Dataset excerpt START

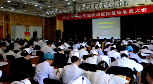 唐毅副院长在最后总结时讲到:本次动员大会是在前期复审准备工作的基础上召开的,虎院长的讲座,为医院下一步等级医院复审工作明确了方向,提出了工作要求,进一步提升了全院职工对复审工作的认识,鼓舞了士气,希望全院职工以三甲复审为契机,抓住机遇,集全院之智、举全院之力、倾全院之心,为顺利通过等级医院复审工作奠定良好的基础。
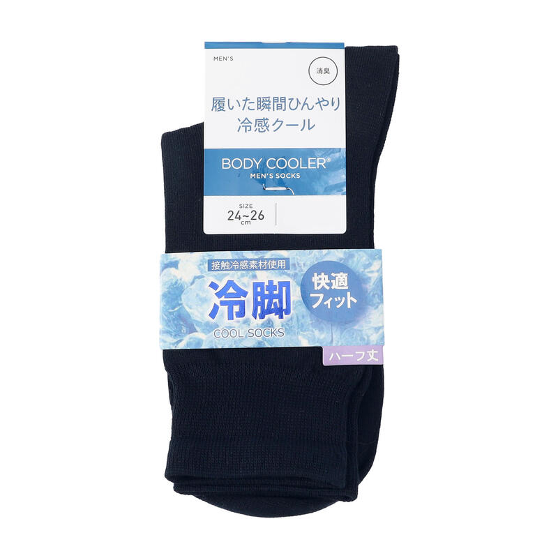 ボディクーラー冷感ストレッチリブハーフ丈ビジネスソックスです。
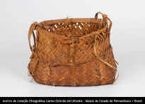 Cesto Voltar Miniatura Compartilhar PovoApinajeDescriçãoCesto bolsiforme, de inajá, medindo 17 x 23 cm. Trançado em sarja, iniciado pelo fundo com fios de buriti em volta da peça. Duas alças trançadas.Identificador16CategoriaTrançadoMateriaisFios de buriti (Mauritia flexuosa L.f.) | Palha de inajá (Maximiliana maripa (Correa da Serra) Drude) Continue navegando Cesto Cinto Voltar para a página de itens
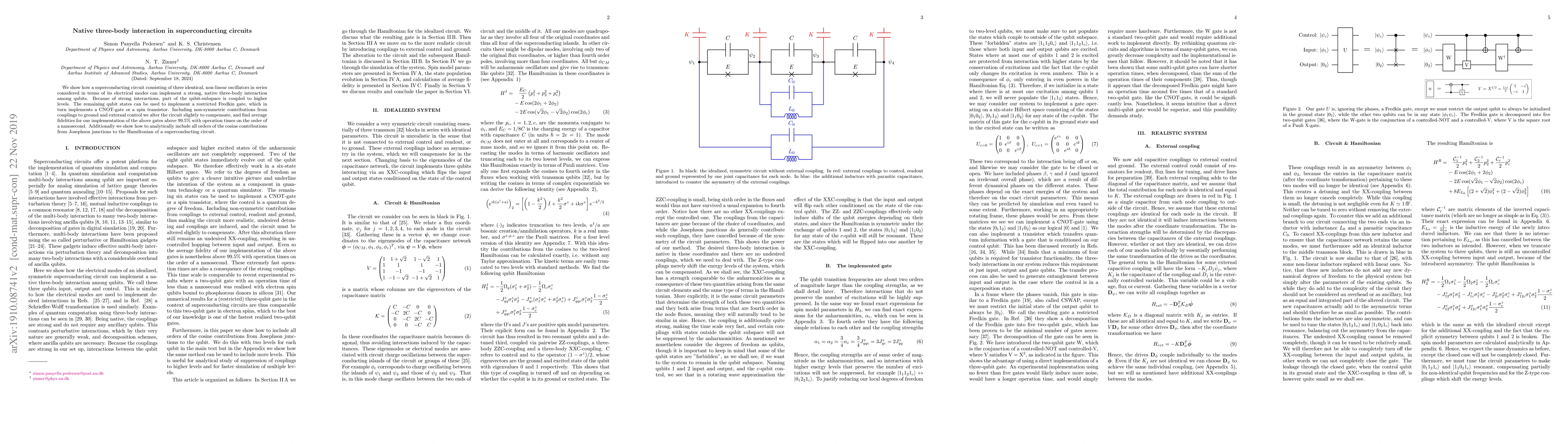 A superconducting circuit consisting of three identical, non-linear oscillators in series was used to demonstrate a native three-body interaction among qubits.

Dataset excerpt END

**Problem description**:
Across all the lines above, repeat the wording exactly and omit the pictures.

**Output for this exercise**:
 唐毅副院长在最后总结时讲到:本次动员大会是在前期复审准备工作的基础上召开的,虎院长的讲座,为医院下一步等级医院复审工作明确了方向,提出了工作要求,进一步提升了全院职工对复审工作的认识,鼓舞了士气,希望全院职工以三甲复审为契机,抓住机遇,集全院之智、举全院之力、倾全院之心,为顺利通过等级医院复审工作奠定良好的基础。
 ボディクーラー冷感ストレッチリブハーフ丈ビジネスソックスです。
 Cesto Voltar Miniatura Compartilhar PovoApinajeDescriçãoCesto bolsiforme, de inajá, medindo 17 x 23 cm. Trançado em sarja, iniciado pelo fundo com fios de buriti em volta da peça. Duas alças trançadas.Identificador16CategoriaTrançadoMateriaisFios de buriti (Mauritia flexuosa L.f.) | Palha de inajá (Maximiliana maripa (Correa da Serra) Drude) Continue navegando Cesto Cinto Voltar para a página de itens
 A superconducting circuit consisting of three identical, non-linear oscillators in series was used to demonstrate a native three-body interaction among qubits.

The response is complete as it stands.